In the time span mentioned above, I would drive Mother to Dallas, Tyler, and all towns around us. She could get out and shop in six or seven, then forget something and go back. This Woman of Iron could outshop most younger women 3 to 1. Her beloved grandchildren stood ready with excuses, anything, to keep from going on one of these mega trips. “I can’t work all day and do that on Saturday,” whined one.
I could and kept my cool, even if only one item was purchased. The only time anger built up was the day a dollar store and scooper doopers were on sale for $1, noticed after we were in the cool car, ready for home. I went in, made the buy, and got behind the wheel again. Mother examined the scooper, decided she didn’t need it, and said, “Return it.” I saw red and other colors. I had waited in line to buy Mr. Scoop and now would wait in line again to get the dollar back. Once in the car, I handed the bill to Mother but said, “Mama, why didn’t I just buy it for you as a gift? She said quietly,” I guess I didn’t need it.” This is probably why she always had the money she needed.
I won’t be shopping at Mama’s age even if most doctors, gurus, lecturers on disease, think all daughters take after their mothers. Not exactly true. Since no one wants to hear about my triple bypass surgery, the need passed down by my paternal side, I feel the need to reiterate. I chose a specialist after angina pain went from my arm to my neck, jaw, teeth and ear. For four years I had stress nuclear tests, blood analyzation, took medication, and was told my blood work was fine. Then in 2005, I demanded another stress test of the long kind. One day later the phone was ringing in my home with this doctor telling me to get back to the clinic fast.

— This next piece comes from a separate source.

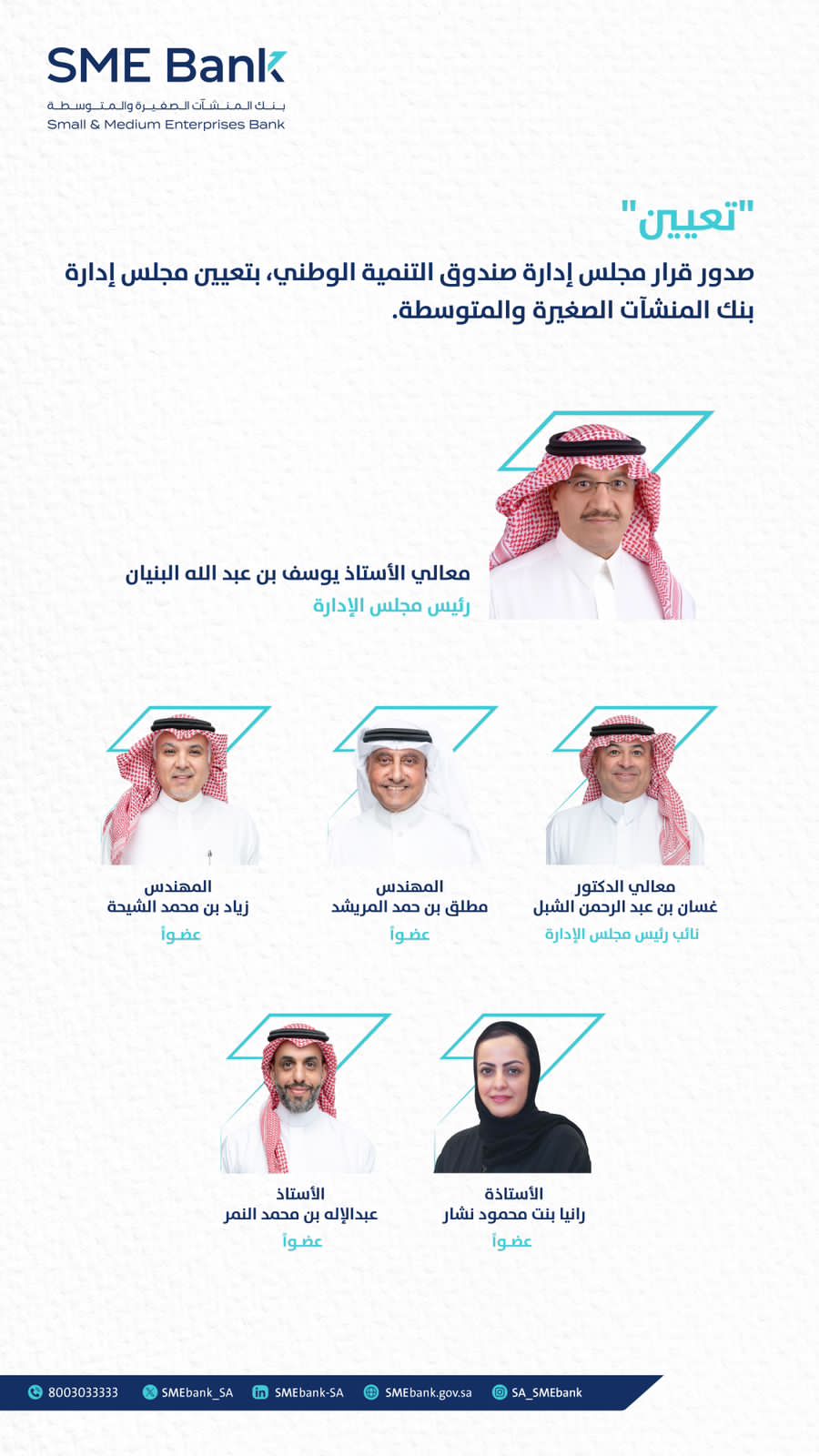 صدر قرار مجلس إدارة صندوق التنمية الوطني بتعيين مجلس إدارة بنك المنشآت الصغيرة والمتوسطة، برئاسة معالي الأستاذ يوسف بن عبدالله البنيان، وعضوية كل من : معالي الدكتور غسان بن عبدالرحمن الشبل، وسعادة المهندس زياد بن محمد الشيحة، وسعادة المهندس مطلق بن حمد المريشد، وسعادة الأستاذة رانيا بنت محمود نشار، وسعادة الأستاذ عبدالاله بن محمد النمر.

Once there, he said, “How soon can you go to a Dallas hospital for a stent. Your aorta is ready to top.”
I said, “Now or tomorrow.” The next day I was prepped for the stent which once applied, ruptured my aorta, caused a heart attack, thirty seconds loss of oxygen, surgery, and two days “out of it.” I had never hurt so bad all over and don’t ever remember being so ill. One night I vomited all over my hook-ups shutting down the center for monitoring all heart patients. Archaic equipment came out and worked until the other went back into action. Someone said this surgery was not “major” anymore. If it still done the same way, with the sawing to separate central bone to get to the heart, I don’t know what major is. There are worse surgeries like the transplants, but I will never forget the heart surgery which my surgeon said wasn’t as bad the second time. I asked how he really knew.
Back when I tried to be a supermom, I would teach all day, drive to Town East, go to Joske’s basement and buy what someone needed for some important something. I was home in an hour preparing a meal. This might account for my depletion of “get up and go” now.

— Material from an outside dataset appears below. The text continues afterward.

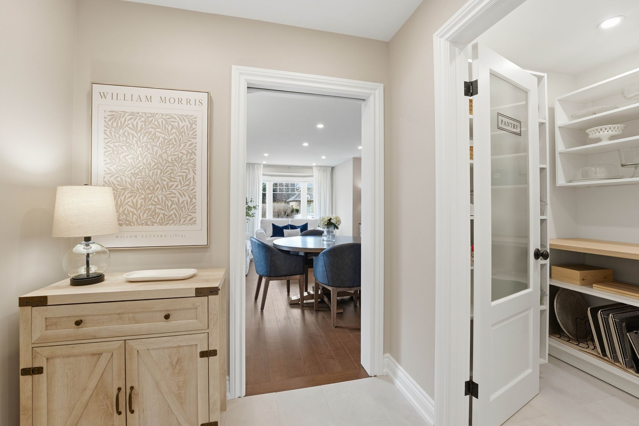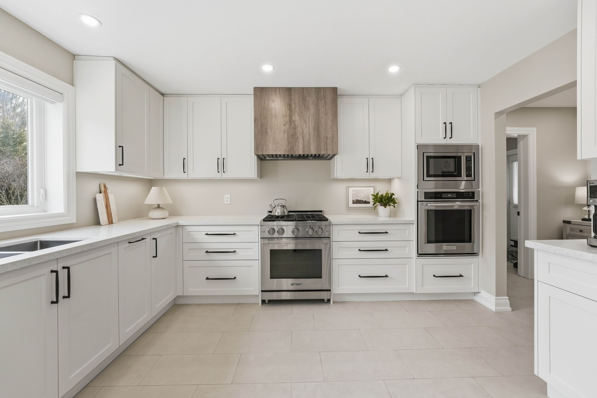 • Chef's kitchen with custom cabinetry, Caesarstone countertops, and walk-in pantry.

So, the “they” who created zoo-sized establishments for shopping aren’t all to blame for my dropping, but presently I have no heart problems or so my new specialist tells me. When I shop I must not be under pressure which is difficult with hubby napping in the car. At five years my senior, this man can still outlast me. Men are wonderful and probably design the mall-size stores. Incidently mall shopping is gone for me. Too many choices, confusion, and walking.
And I guess I didn’t purchase enough from the catalogues which come no more. My name hasn’t made the mail-order list again for some reason, but I’ll find one and make an order, paying in advance. That should work.
Truthfully, I’ll drive or ride by the enormous American shopping stores remembering the life when I shopped and didn’t drop.